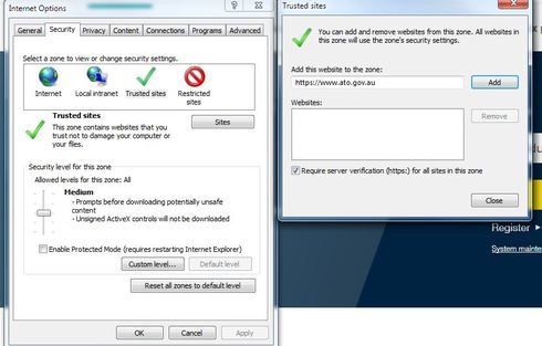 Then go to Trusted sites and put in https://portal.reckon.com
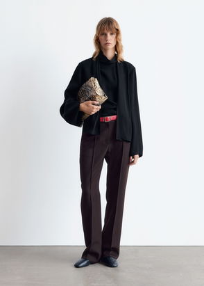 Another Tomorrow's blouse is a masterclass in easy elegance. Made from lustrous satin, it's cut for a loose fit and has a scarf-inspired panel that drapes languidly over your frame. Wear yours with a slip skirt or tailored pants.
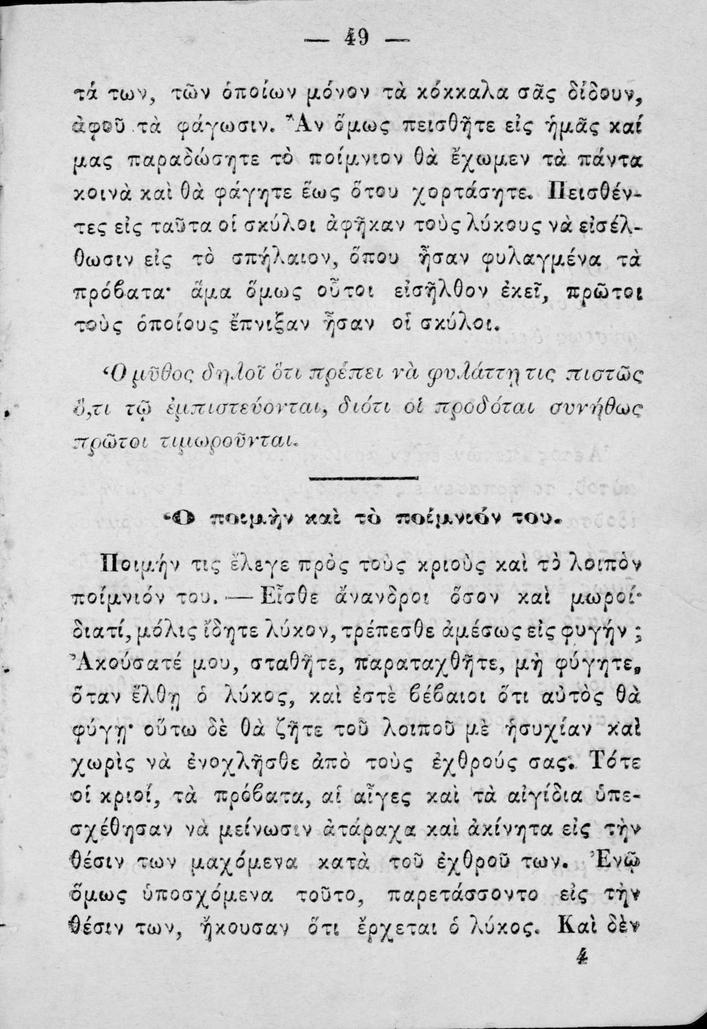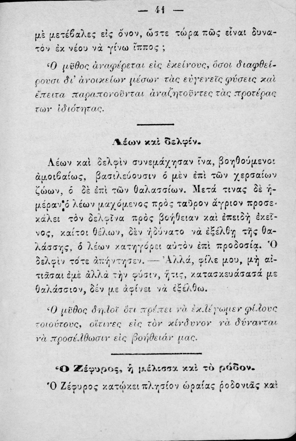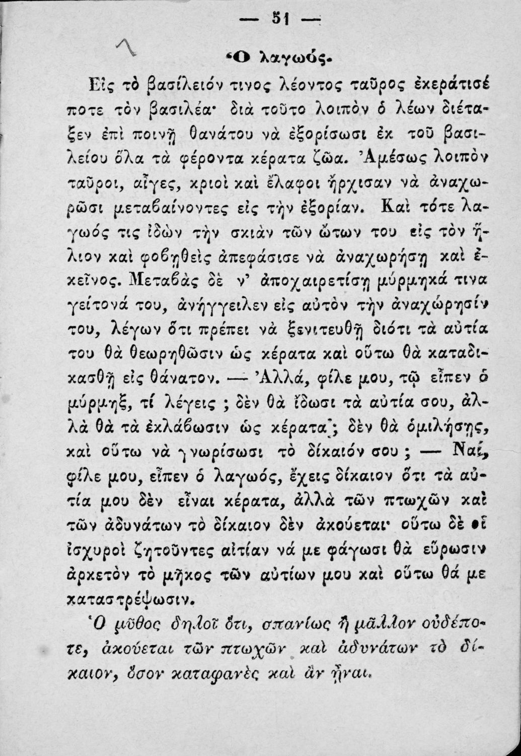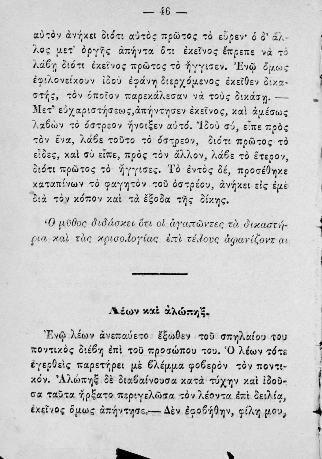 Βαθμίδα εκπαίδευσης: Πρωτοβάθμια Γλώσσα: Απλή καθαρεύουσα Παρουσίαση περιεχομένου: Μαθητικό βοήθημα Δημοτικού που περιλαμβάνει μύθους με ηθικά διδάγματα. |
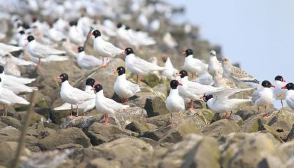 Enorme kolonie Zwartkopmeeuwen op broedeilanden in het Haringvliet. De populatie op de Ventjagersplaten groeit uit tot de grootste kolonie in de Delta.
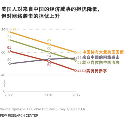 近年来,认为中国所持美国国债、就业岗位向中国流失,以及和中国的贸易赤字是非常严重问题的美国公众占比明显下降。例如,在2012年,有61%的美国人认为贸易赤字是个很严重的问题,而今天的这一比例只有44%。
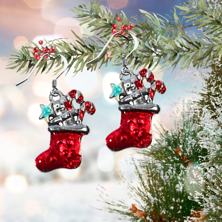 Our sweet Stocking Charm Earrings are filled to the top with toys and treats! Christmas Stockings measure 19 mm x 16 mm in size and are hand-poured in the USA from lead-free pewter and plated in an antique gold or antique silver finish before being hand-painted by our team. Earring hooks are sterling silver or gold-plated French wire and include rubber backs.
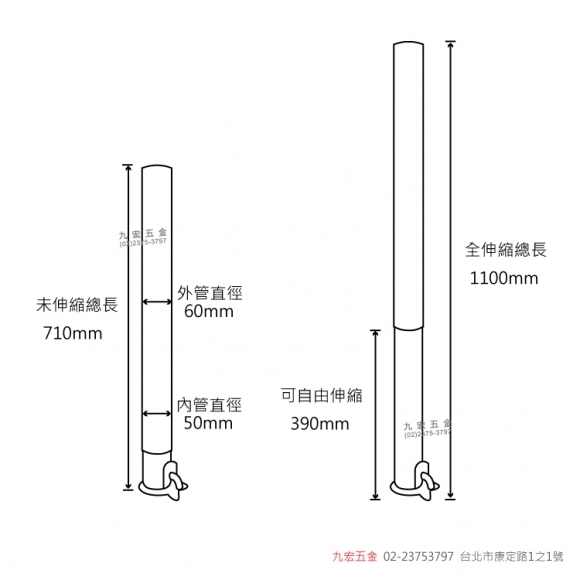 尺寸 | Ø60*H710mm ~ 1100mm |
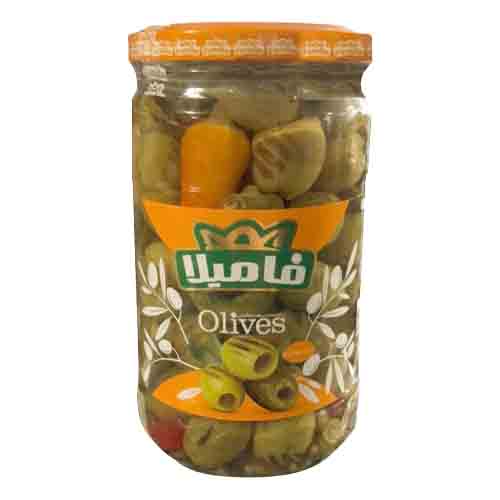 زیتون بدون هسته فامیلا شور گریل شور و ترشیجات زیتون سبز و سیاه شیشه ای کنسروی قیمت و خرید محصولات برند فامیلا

○ ○ ○

WORK INSTRUCTION:
Every word of the data should be reproduced exactly; please omit any pictures.

RESPONSE TO THE TASK:
 Then go to Trusted sites and put in https://portal.reckon.com
 Another Tomorrow's blouse is a masterclass in easy elegance. Made from lustrous satin, it's cut for a loose fit and has a scarf-inspired panel that drapes languidly over your frame. Wear yours with a slip skirt or tailored pants.
 Βαθμίδα εκπαίδευσης: Πρωτοβάθμια Γλώσσα: Απλή καθαρεύουσα Παρουσίαση περιεχομένου: Μαθητικό βοήθημα Δημοτικού που περιλαμβάνει μύθους με ηθικά διδάγματα. |
 Enorme kolonie Zwartkopmeeuwen op broedeilanden in het Haringvliet. De populatie op de Ventjagersplaten groeit uit tot de grootste kolonie in de Delta.
 近年来,认为中国所持美国国债、就业岗位向中国流失,以及和中国的贸易赤字是非常严重问题的美国公众占比明显下降。例如,在2012年,有61%的美国人认为贸易赤字是个很严重的问题,而今天的这一比例只有44%。
 Our sweet Stocking Charm Earrings are filled to the top with toys and treats! Christmas Stockings measure 19 mm x 16 mm in size and are hand-poured in the USA from lead-free pewter and plated in an antique gold or antique silver finish before being hand-painted by our team. Earring hooks are sterling silver or gold-plated French wire and include rubber backs.
 尺寸 | Ø60*H710mm ~ 1100mm |
 زیتون بدون هسته فامیلا شور گریل شور و ترشیجات زیتون سبز و سیاه شیشه ای کنسروی قیمت و خرید محصولات برند فامیلا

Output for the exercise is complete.